All entries below are to be returned exactly, with pictures left out.

Stored data entries
★ ★ ★

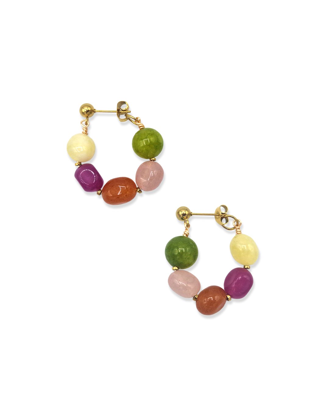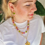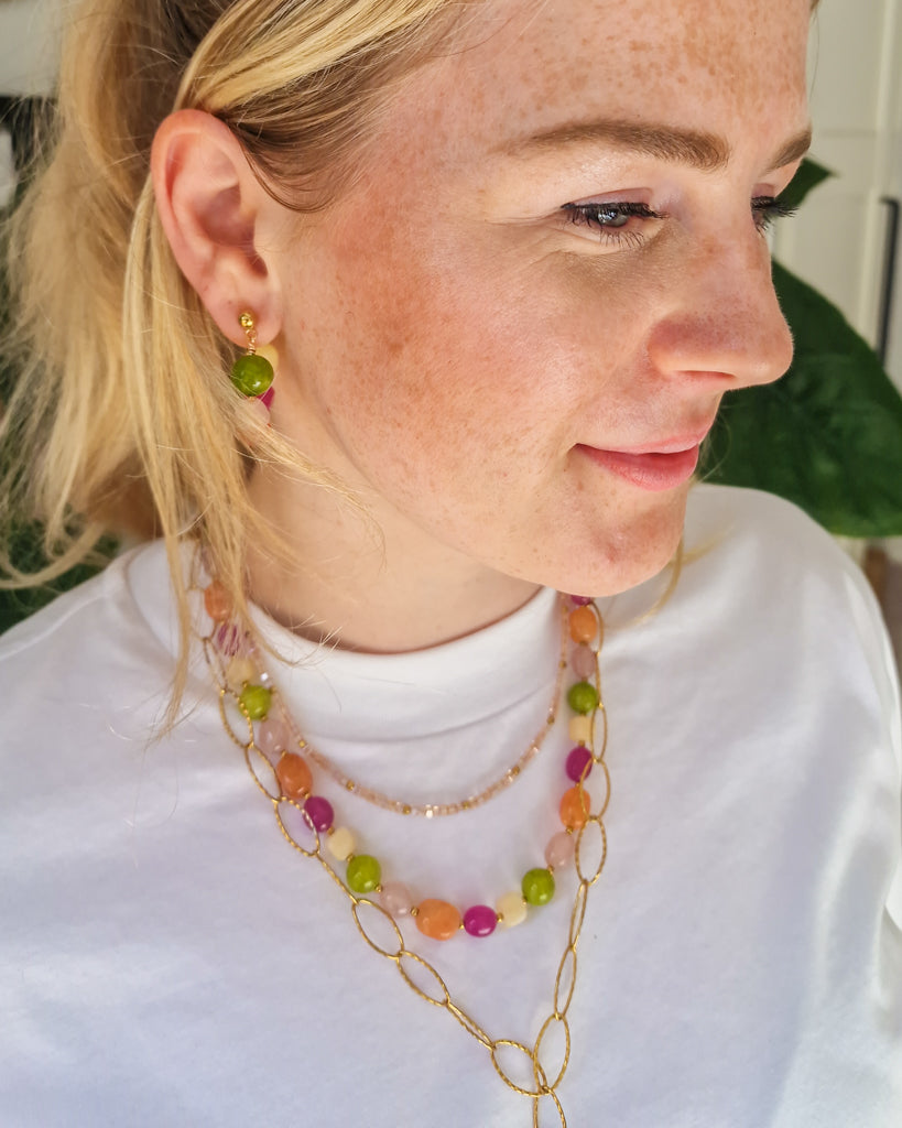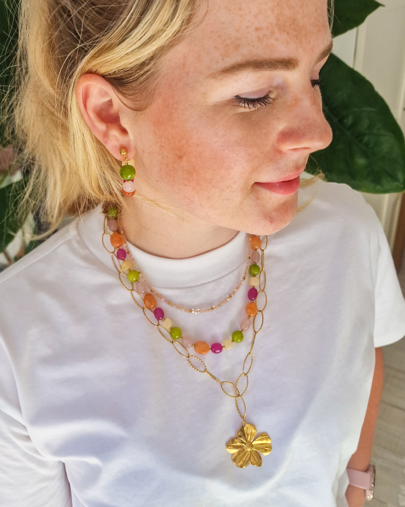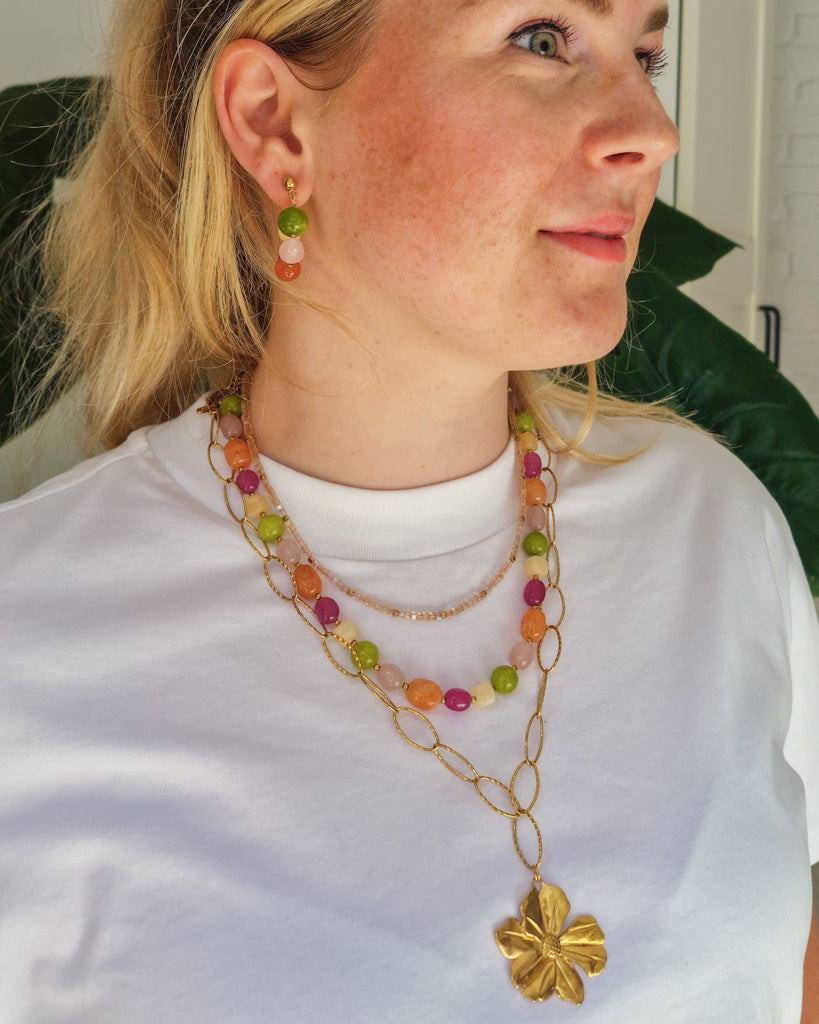 Necklace with natural stone beads and small glass beads in lilac, orange and pink color.
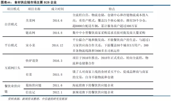 美团推出快驴进货意在深耕to B业务,饿了么有菜搭建平台延续阿里电商思维,快驴和有菜从物流和反向供应链突破。食材供应B2B兴起于2014年,行业历经多年的整合最终留下了美菜、宋小菜等B2B平台。从进入行业较早的美菜和宋小菜的经营模式来看,餐饮食材B2B有两大重点突破,一是以美菜为典型的仓储物流自建直连产地和终端模式,二是以宋小菜为代表的的反向供应链平台模式,由下游订单数据反向调整上游供应,实现产销平衡。快驴进货走的是美菜的运营模式,模式偏重;饿了么有菜学习宋小菜搭建平台,是阿里电商逻辑的延伸。
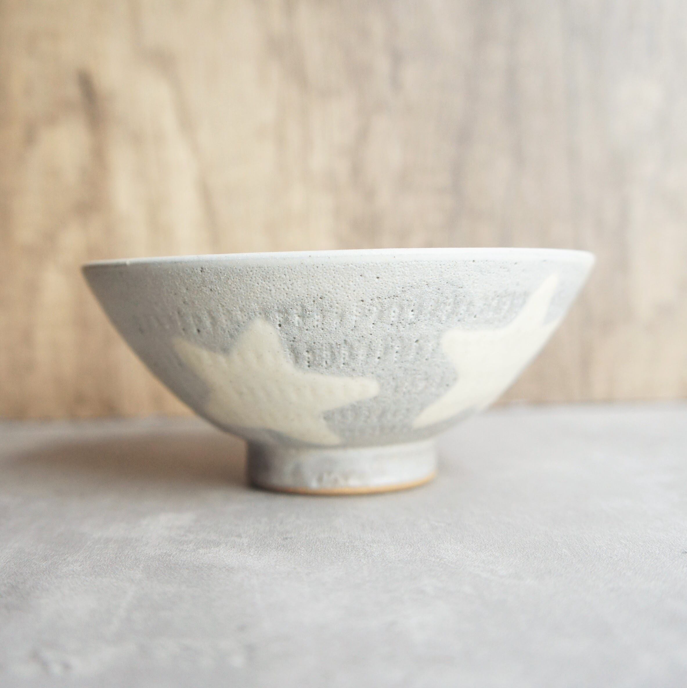 新入荷しました! 福岡・東峰村〈小石原焼〉の窯元 上鶴窯より、飛びカンナ×お星さま柄の器が届きました。 ポップで温かみのある器で、土の素朴な質感と、遊び心が満載です。 毎日の食卓を、少しだけ“アート”に。 サイズ:直径約13cm × 高さ約5.5cm ※ 工芸品は、手作業で作られているため大きさ、形、色、模様、風合いなど、1点1点個体差がございます。ご理解の上、ご購入をお願い致します。
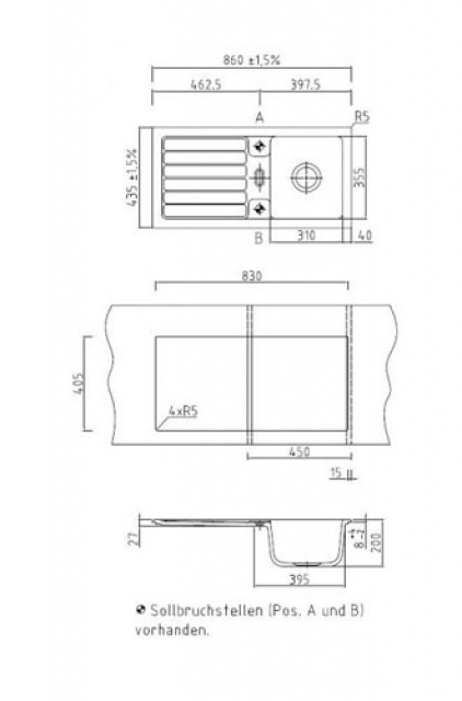 • Der Auslieferungszustand der Spüle ist inklusive vorgestanzter Lochbohrungen (serienmäßige Vorbohrung); die Oberseite der Spüle ist verschlossen und muß vor Ort an den gekennzeichneten Stellen durchstoßen werden. Soll dies werksseitig vom Hersteller vorgenommen werden, wird dafür 13,-- Euro pro Spüle berechnet
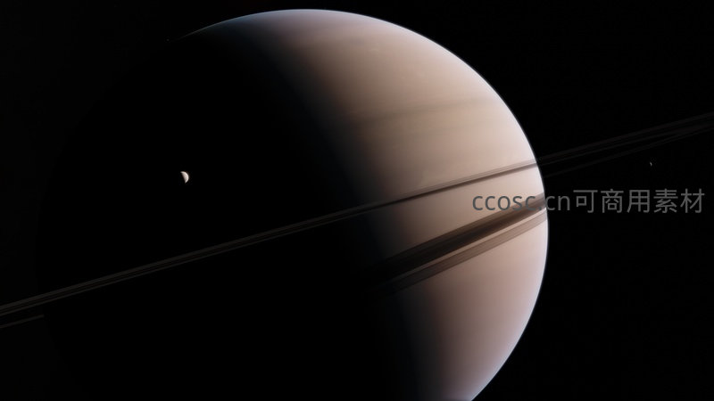土星一半沐浴在光明中,另一半隐于黑暗,环带横贯其间,营造出强烈的视觉对比与神秘氛围。
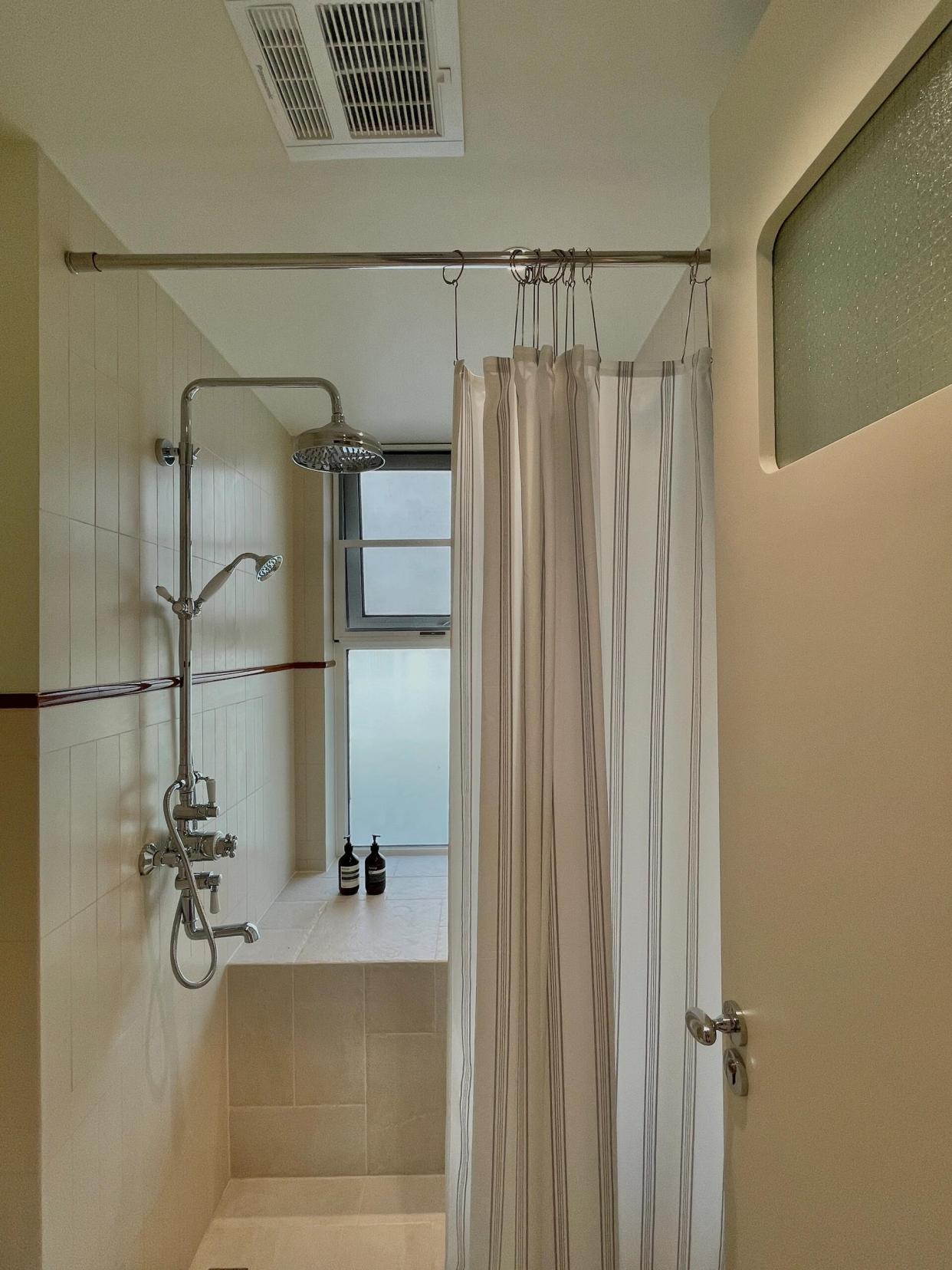 卫生间淋浴房的玻璃特别容易包浆,玻璃上面的水垢、轨道里的污渍霉斑,都是些需要反复清洁的家务活,要是没有淋浴房,卫生间家务活能少一半。

★ ★ ★

Result for this exercise ::
 Necklace with natural stone beads and small glass beads in lilac, orange and pink color.
 美团推出快驴进货意在深耕to B业务,饿了么有菜搭建平台延续阿里电商思维,快驴和有菜从物流和反向供应链突破。食材供应B2B兴起于2014年,行业历经多年的整合最终留下了美菜、宋小菜等B2B平台。从进入行业较早的美菜和宋小菜的经营模式来看,餐饮食材B2B有两大重点突破,一是以美菜为典型的仓储物流自建直连产地和终端模式,二是以宋小菜为代表的的反向供应链平台模式,由下游订单数据反向调整上游供应,实现产销平衡。快驴进货走的是美菜的运营模式,模式偏重;饿了么有菜学习宋小菜搭建平台,是阿里电商逻辑的延伸。
 新入荷しました! 福岡・東峰村〈小石原焼〉の窯元 上鶴窯より、飛びカンナ×お星さま柄の器が届きました。 ポップで温かみのある器で、土の素朴な質感と、遊び心が満載です。 毎日の食卓を、少しだけ“アート”に。 サイズ:直径約13cm × 高さ約5.5cm ※ 工芸品は、手作業で作られているため大きさ、形、色、模様、風合いなど、1点1点個体差がございます。ご理解の上、ご購入をお願い致します。
 • Der Auslieferungszustand der Spüle ist inklusive vorgestanzter Lochbohrungen (serienmäßige Vorbohrung); die Oberseite der Spüle ist verschlossen und muß vor Ort an den gekennzeichneten Stellen durchstoßen werden. Soll dies werksseitig vom Hersteller vorgenommen werden, wird dafür 13,-- Euro pro Spüle berechnet
土星一半沐浴在光明中,另一半隐于黑暗,环带横贯其间,营造出强烈的视觉对比与神秘氛围。
 卫生间淋浴房的玻璃特别容易包浆,玻璃上面的水垢、轨道里的污渍霉斑,都是些需要反复清洁的家务活,要是没有淋浴房,卫生间家务活能少一半。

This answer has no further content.